-------- MATERIAL SHOWN
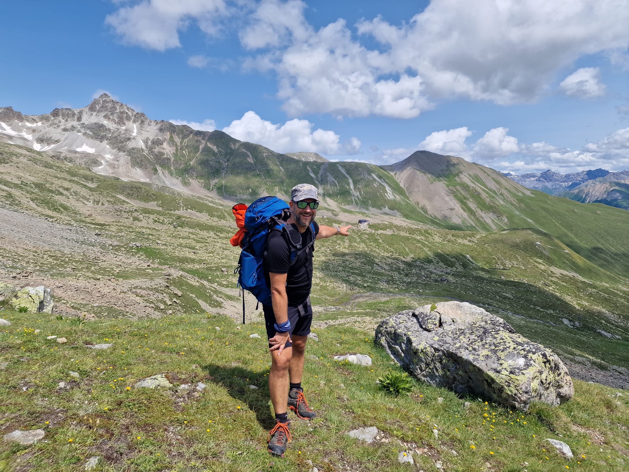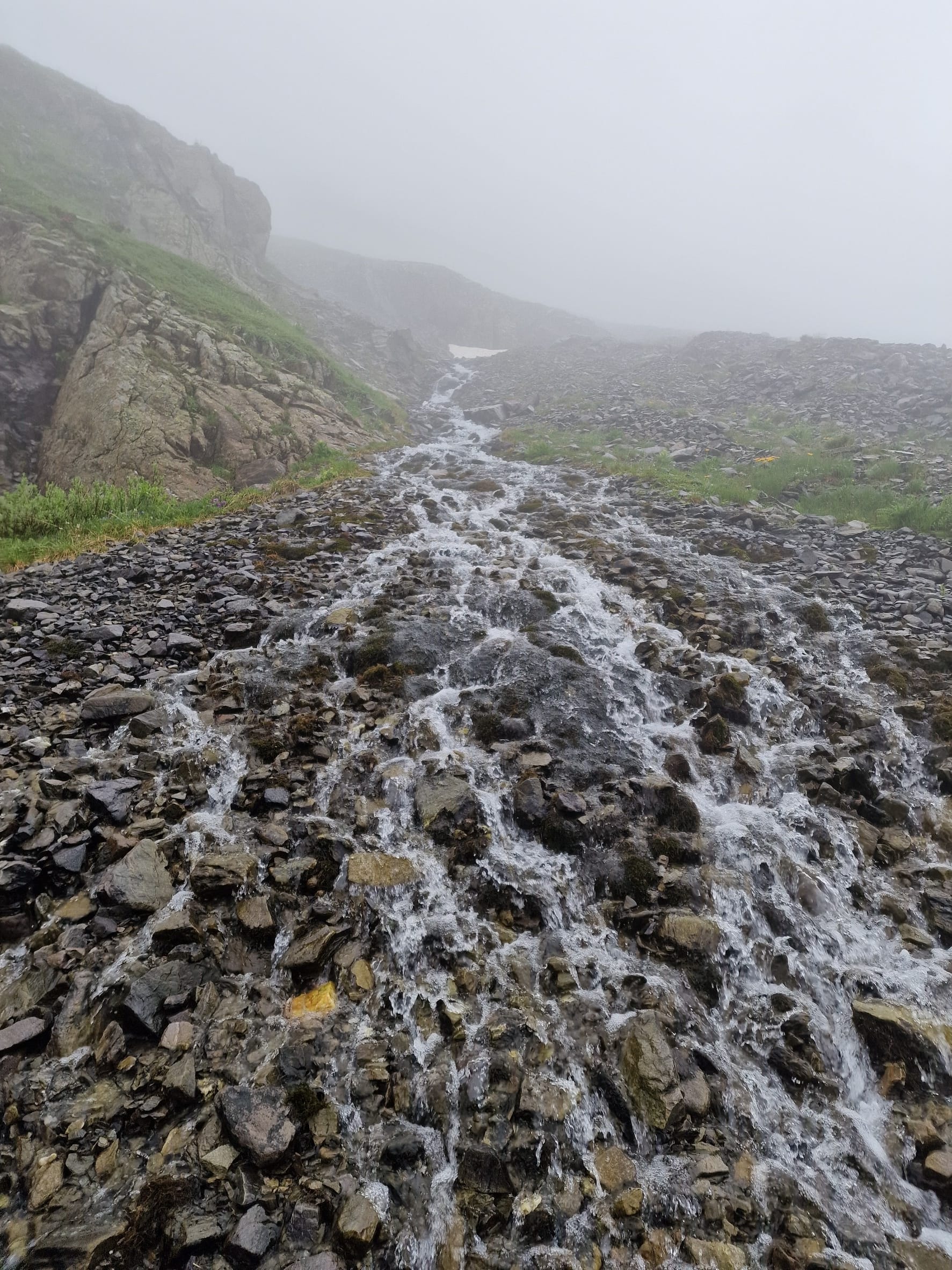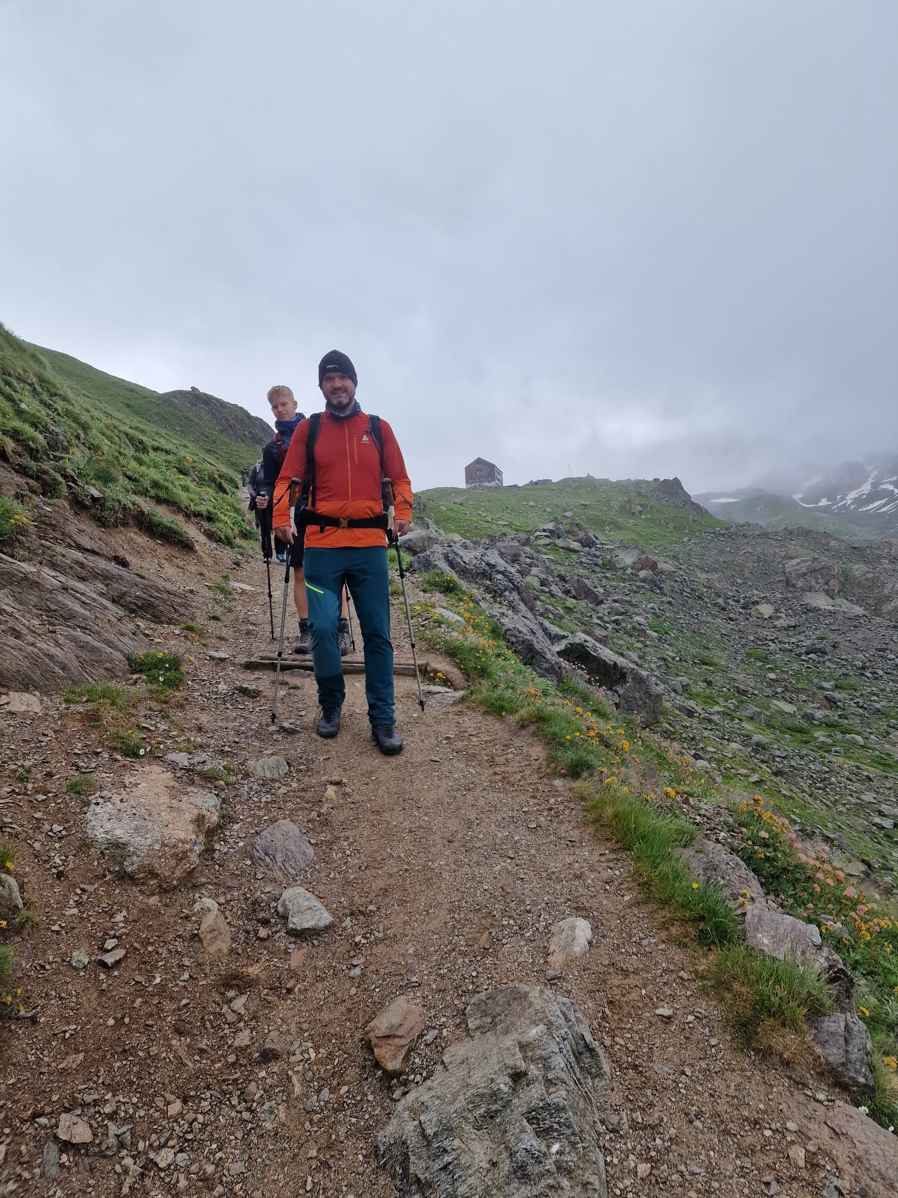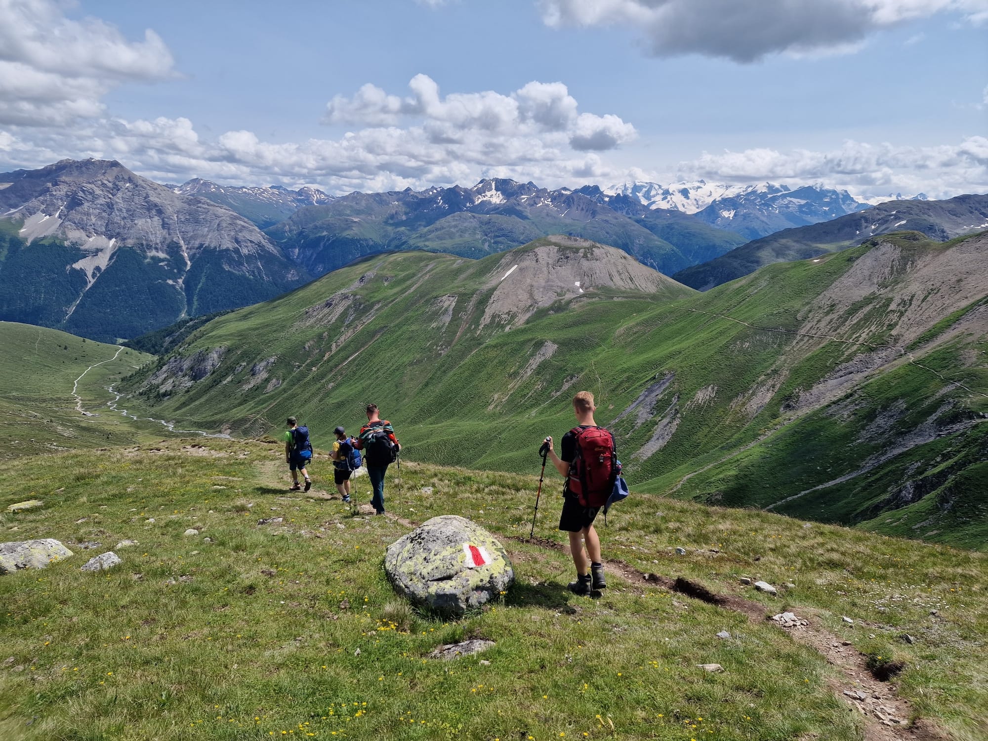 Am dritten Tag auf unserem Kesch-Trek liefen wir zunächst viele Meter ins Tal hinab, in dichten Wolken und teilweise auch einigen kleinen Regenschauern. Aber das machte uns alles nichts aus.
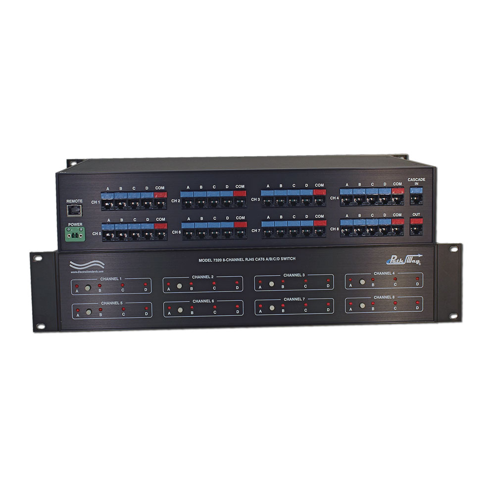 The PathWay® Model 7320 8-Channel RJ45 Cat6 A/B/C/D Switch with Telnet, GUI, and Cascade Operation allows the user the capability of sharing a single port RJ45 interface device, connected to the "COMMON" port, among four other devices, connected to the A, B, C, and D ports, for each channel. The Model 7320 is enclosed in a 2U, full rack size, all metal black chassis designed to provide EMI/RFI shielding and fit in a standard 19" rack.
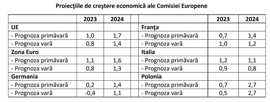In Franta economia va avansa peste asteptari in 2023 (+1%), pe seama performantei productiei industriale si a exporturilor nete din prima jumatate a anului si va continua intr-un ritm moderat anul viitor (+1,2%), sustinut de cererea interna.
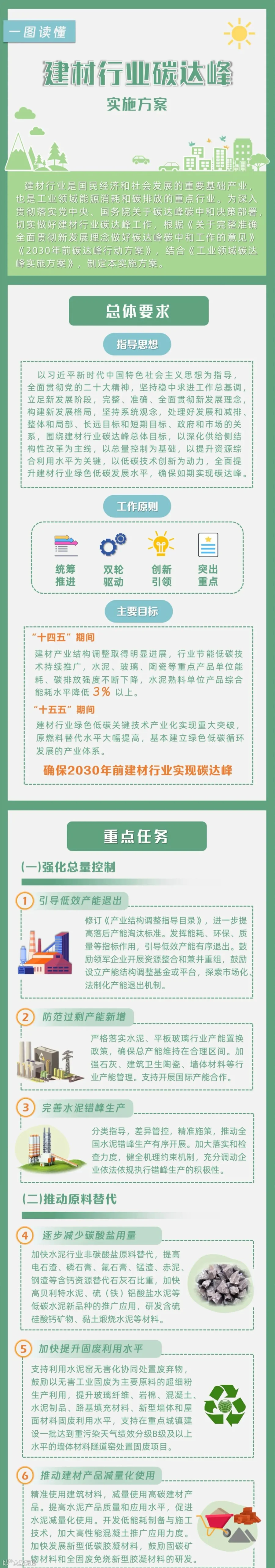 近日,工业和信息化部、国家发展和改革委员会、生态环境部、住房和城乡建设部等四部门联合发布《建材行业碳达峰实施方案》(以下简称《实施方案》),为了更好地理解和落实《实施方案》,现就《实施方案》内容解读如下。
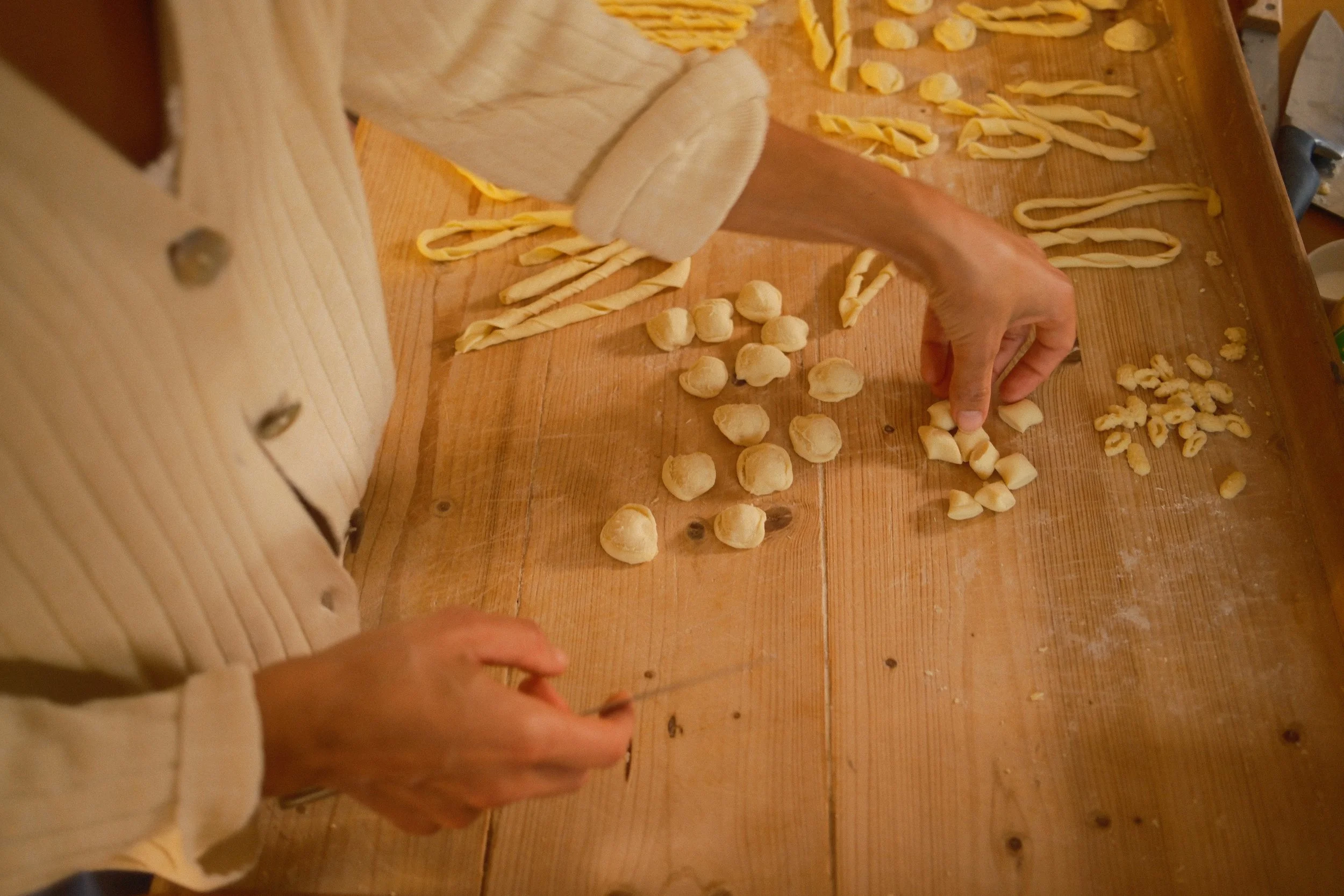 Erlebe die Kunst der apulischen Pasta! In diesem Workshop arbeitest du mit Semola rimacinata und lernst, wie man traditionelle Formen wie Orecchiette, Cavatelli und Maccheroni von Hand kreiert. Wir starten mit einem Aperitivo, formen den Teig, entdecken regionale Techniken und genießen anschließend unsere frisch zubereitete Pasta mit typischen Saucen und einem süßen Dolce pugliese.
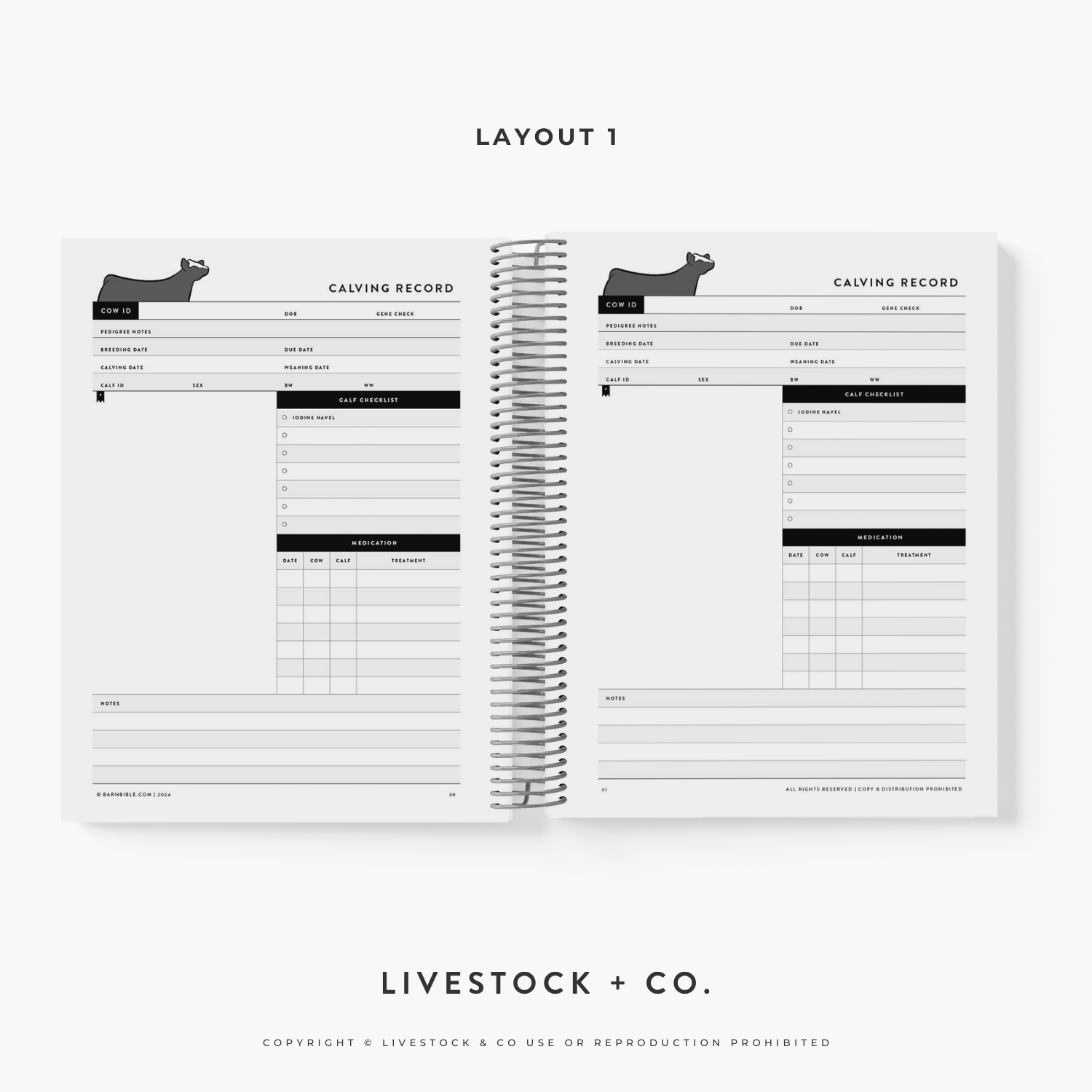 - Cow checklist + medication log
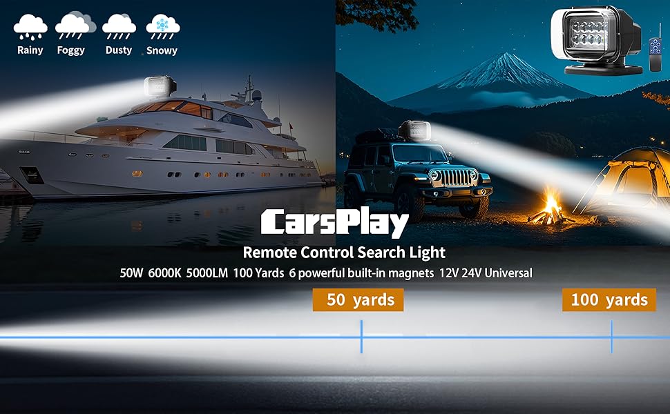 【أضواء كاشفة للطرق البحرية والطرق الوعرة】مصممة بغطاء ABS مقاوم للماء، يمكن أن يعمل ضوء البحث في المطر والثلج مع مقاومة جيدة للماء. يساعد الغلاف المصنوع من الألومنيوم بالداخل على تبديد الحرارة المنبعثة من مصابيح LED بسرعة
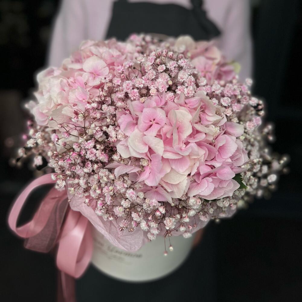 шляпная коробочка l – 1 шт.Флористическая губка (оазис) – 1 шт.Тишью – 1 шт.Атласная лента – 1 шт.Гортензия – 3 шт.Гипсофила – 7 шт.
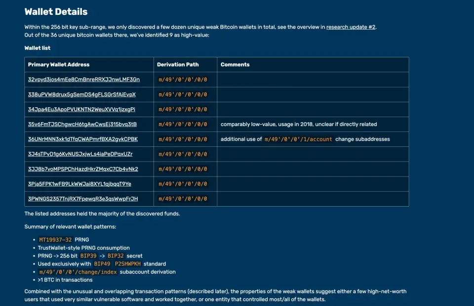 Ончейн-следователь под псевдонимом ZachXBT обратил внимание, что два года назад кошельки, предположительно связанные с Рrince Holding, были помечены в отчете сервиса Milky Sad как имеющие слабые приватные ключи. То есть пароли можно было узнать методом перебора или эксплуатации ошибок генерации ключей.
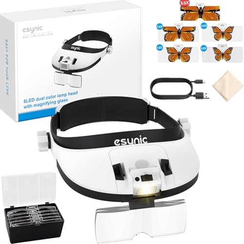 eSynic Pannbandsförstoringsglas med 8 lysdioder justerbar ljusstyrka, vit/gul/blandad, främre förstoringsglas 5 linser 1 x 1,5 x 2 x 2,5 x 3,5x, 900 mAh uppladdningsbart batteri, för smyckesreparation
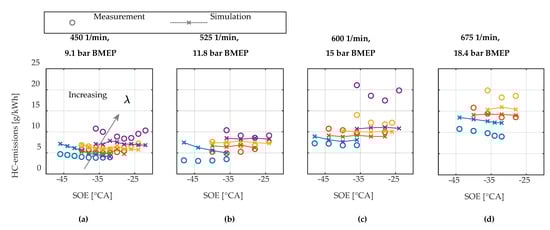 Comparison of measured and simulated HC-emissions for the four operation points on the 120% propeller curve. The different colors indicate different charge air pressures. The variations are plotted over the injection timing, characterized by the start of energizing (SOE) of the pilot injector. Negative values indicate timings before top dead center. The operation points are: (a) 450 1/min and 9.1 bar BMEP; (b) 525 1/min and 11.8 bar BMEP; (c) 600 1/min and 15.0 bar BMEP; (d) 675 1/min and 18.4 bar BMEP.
----------------
▶ **WORK ORDER**: What are the lines in the records above, word for word, from the one containing "шляпная коробочка l" through the one containing "Ончейн-следователь под псевдонимом", both ends included and pictures left out?

▶ **SOLUTION TO THE EXERCISE**:
 шляпная коробочка l – 1 шт.Флористическая губка (оазис) – 1 шт.Тишью – 1 шт.Атласная лента – 1 шт.Гортензия – 3 шт.Гипсофила – 7 шт.
 Ончейн-следователь под псевдонимом ZachXBT обратил внимание, что два года назад кошельки, предположительно связанные с Рrince Holding, были помечены в отчете сервиса Milky Sad как имеющие слабые приватные ключи. То есть пароли можно было узнать методом перебора или эксплуатации ошибок генерации ключей.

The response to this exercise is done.